*DESCRIPTION OF THE TASK*
Output a character-exact copy of the data, images removed.

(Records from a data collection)
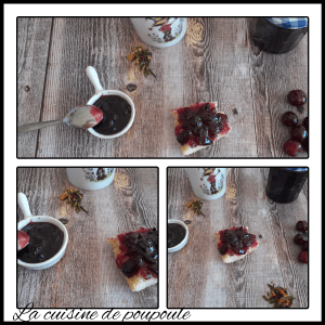 1- Mettre les cerises dans le bol, ainsi que le sucre et le citron et régler 35 min /vit2/100° ne pas mettre le gobelet mais le panier (pour éviter les éclaboussures)
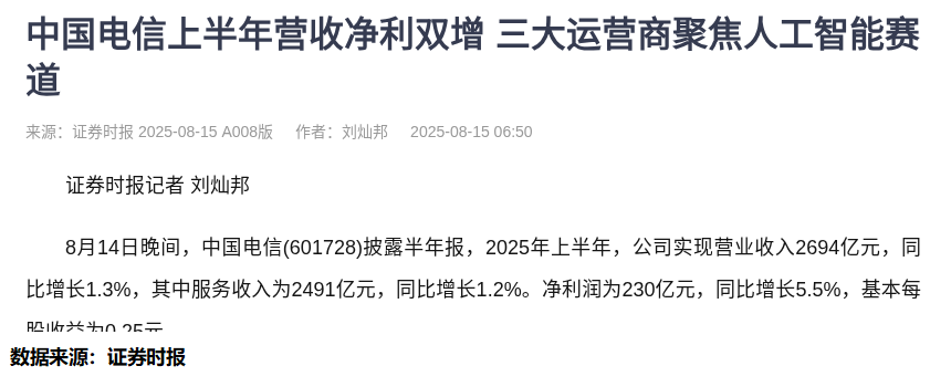 中国电信这份半年报确实漂亮:净利润230亿元,同比增长5.5%;天翼云收入573亿元,智能业务更是暴涨89.4%。但有趣的是,这些光鲜的数字并没有带来股价的明显上涨。
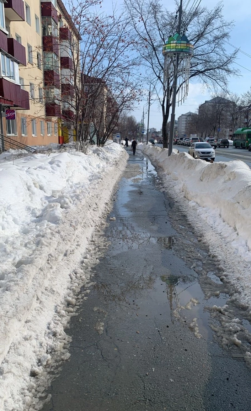 Вторая жалоба поступила от жительницы района «Луч», речь идет о доме № 159 по улице Комсомольской. Сахалинка сообщила об огромной луже, образовавшейся на тротуаре из-за таяния неубранного снега.
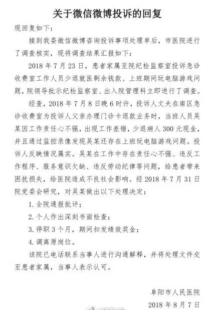经查,2018年7月8日晚6时许,投诉人丈夫在南区急诊收费室为投诉人父亲办理门诊卡退款业务时,当班人员吴某因工作责任心不强,出现工作差错,少退病人300元现金,并且通过监控录像发现吴某还存在上班玩电脑游戏问题。投诉人反映情况属实。吴某在工作中存在责任心不强、违反工作程序、服务意识欠缺、违反劳动纪律等问题,给患者带来困扰损失,给医院造成不良社会影响。经2018年7月31日院党委会研究,对吴某做出以下处理决定:
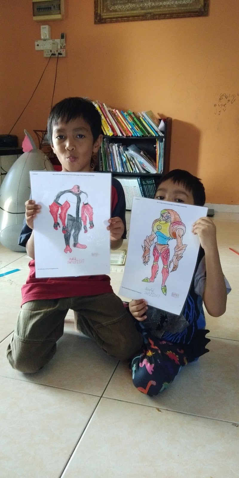 Hari ini umi dah mula mesyuarat. Tinggallah ayah, Shahid dan Naufal. Oren pula tak habis- habis menggesel pada ayah yang tengah buat kerja. Dua tiga kali ayah hantarnya ke luar dan Oren masuk balik ikut tingkap. Shahid dan Naufal dari malam tadi main kereta. Pagi ini, mewarna. Ayah mencetak watak kartun Ben 10. Untuk lebih tahan lama, ayah gunakan lapisan perlaminaan (laminating sheet).
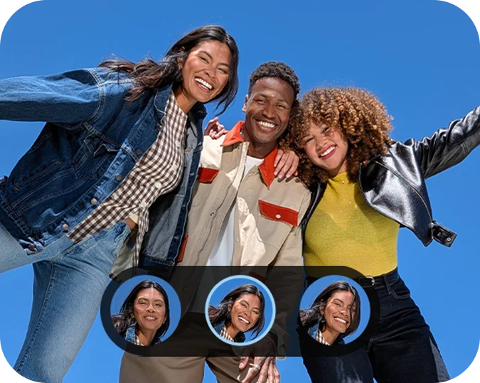 集合写真を撮影したら、似ている写真を自動で見つけて組み合わせ、全員が良い表情をしている集合写真に仕上げられます。
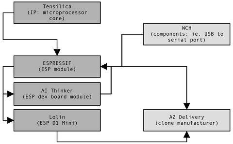 The ESP8266 is produced by Chinese semiconductor firm, Espressif. They describe themselves as a world leading AIoT (Artificial Intelligence of Things) company and by late 2023 they had shipped over 1 billion chips (Espressif). They are well known for their ESP range of chips which feature networking components such as wifi. Their devices are designed to work with Espressif's own open-source SDKs as well as other alternatives, such as Arduino. As with Raspberry Pi, they are designed primarily for industrial use. The ESP chips have also been developed into so-called development boards. This places the chip within a printed circuit board that contains the necessary components to enable simple programming and operation, allowing inputs/outputs and USB connection. The model I am using is the D1 Mini, originally designed by Lolin (based on a module by Ai-Thinker). As they became available in these hobbyist-friendly forms they were quickly adopted as a flexible part of IoT (Internet of Things) tinkering, despite initially having no English documentation (Benchoff).
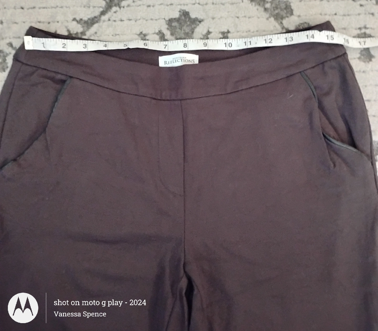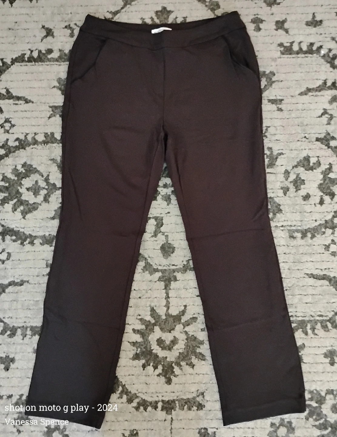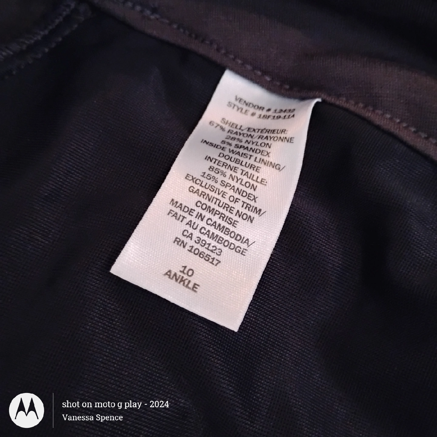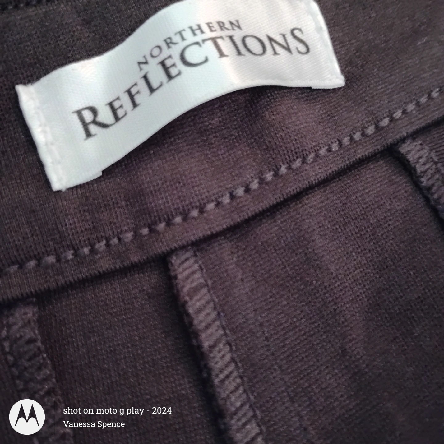 Northern Reflections pants in size 10. The pants are a dark brown colour. Material: - Shell: 67% Rayon, 28% Nylon, 5% Spandex - Inside Waist Lining: 85% Nylon, 15% Spandex
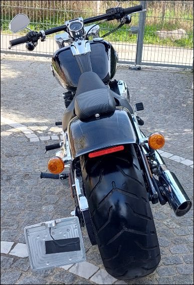 • Der breiteste Hinterreifen der serienmäßigen Harleys kommt gut zur Geltung
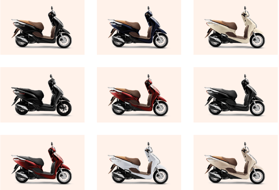 Nhìn chung, bảng màu đa dạng của Honda Lead như đen, trắng, đỏ, xanh lam và xanh ngọc cho phép người dùng thỏa sức lựa chọn theo sở thích cá nhân. Những gam màu mới lạ, hiện đại như bạc mờ và xanh xám không chỉ thời thượng mà còn giúp tôn lên phong cách trẻ trung cho người sở hữu.
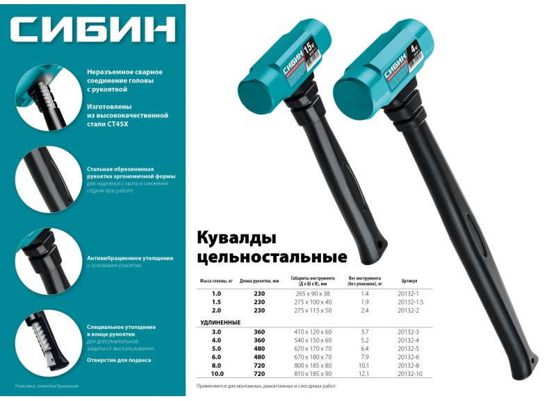 Цельностальная кувалда с удлинённой рукояткой СИБИН 10 кг 720 мм [20132-10]
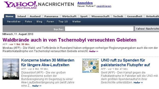 Die yahoo-Nachrichten (http://de.news.yahoo.com) von Heute sind blanker Sarkasmus mit radioaktiver Ladung:

*OUTPUT*
 1- Mettre les cerises dans le bol, ainsi que le sucre et le citron et régler 35 min /vit2/100° ne pas mettre le gobelet mais le panier (pour éviter les éclaboussures)
 中国电信这份半年报确实漂亮:净利润230亿元,同比增长5.5%;天翼云收入573亿元,智能业务更是暴涨89.4%。但有趣的是,这些光鲜的数字并没有带来股价的明显上涨。
 Вторая жалоба поступила от жительницы района «Луч», речь идет о доме № 159 по улице Комсомольской. Сахалинка сообщила об огромной луже, образовавшейся на тротуаре из-за таяния неубранного снега.
经查,2018年7月8日晚6时许,投诉人丈夫在南区急诊收费室为投诉人父亲办理门诊卡退款业务时,当班人员吴某因工作责任心不强,出现工作差错,少退病人300元现金,并且通过监控录像发现吴某还存在上班玩电脑游戏问题。投诉人反映情况属实。吴某在工作中存在责任心不强、违反工作程序、服务意识欠缺、违反劳动纪律等问题,给患者带来困扰损失,给医院造成不良社会影响。经2018年7月31日院党委会研究,对吴某做出以下处理决定:
 Hari ini umi dah mula mesyuarat. Tinggallah ayah, Shahid dan Naufal. Oren pula tak habis- habis menggesel pada ayah yang tengah buat kerja. Dua tiga kali ayah hantarnya ke luar dan Oren masuk balik ikut tingkap. Shahid dan Naufal dari malam tadi main kereta. Pagi ini, mewarna. Ayah mencetak watak kartun Ben 10. Untuk lebih tahan lama, ayah gunakan lapisan perlaminaan (laminating sheet).
 集合写真を撮影したら、似ている写真を自動で見つけて組み合わせ、全員が良い表情をしている集合写真に仕上げられます。
 The ESP8266 is produced by Chinese semiconductor firm, Espressif. They describe themselves as a world leading AIoT (Artificial Intelligence of Things) company and by late 2023 they had shipped over 1 billion chips (Espressif). They are well known for their ESP range of chips which feature networking components such as wifi. Their devices are designed to work with Espressif's own open-source SDKs as well as other alternatives, such as Arduino. As with Raspberry Pi, they are designed primarily for industrial use. The ESP chips have also been developed into so-called development boards. This places the chip within a printed circuit board that contains the necessary components to enable simple programming and operation, allowing inputs/outputs and USB connection. The model I am using is the D1 Mini, originally designed by Lolin (based on a module by Ai-Thinker). As they became available in these hobbyist-friendly forms they were quickly adopted as a flexible part of IoT (Internet of Things) tinkering, despite initially having no English documentation (Benchoff).
 Northern Reflections pants in size 10. The pants are a dark brown colour. Material: - Shell: 67% Rayon, 28% Nylon, 5% Spandex - Inside Waist Lining: 85% Nylon, 15% Spandex
 • Der breiteste Hinterreifen der serienmäßigen Harleys kommt gut zur Geltung
 Nhìn chung, bảng màu đa dạng của Honda Lead như đen, trắng, đỏ, xanh lam và xanh ngọc cho phép người dùng thỏa sức lựa chọn theo sở thích cá nhân. Những gam màu mới lạ, hiện đại như bạc mờ và xanh xám không chỉ thời thượng mà còn giúp tôn lên phong cách trẻ trung cho người sở hữu.
 Цельностальная кувалда с удлинённой рукояткой СИБИН 10 кг 720 мм [20132-10]
 Die yahoo-Nachrichten (http://de.news.yahoo.com) von Heute sind blanker Sarkasmus mit radioaktiver Ladung:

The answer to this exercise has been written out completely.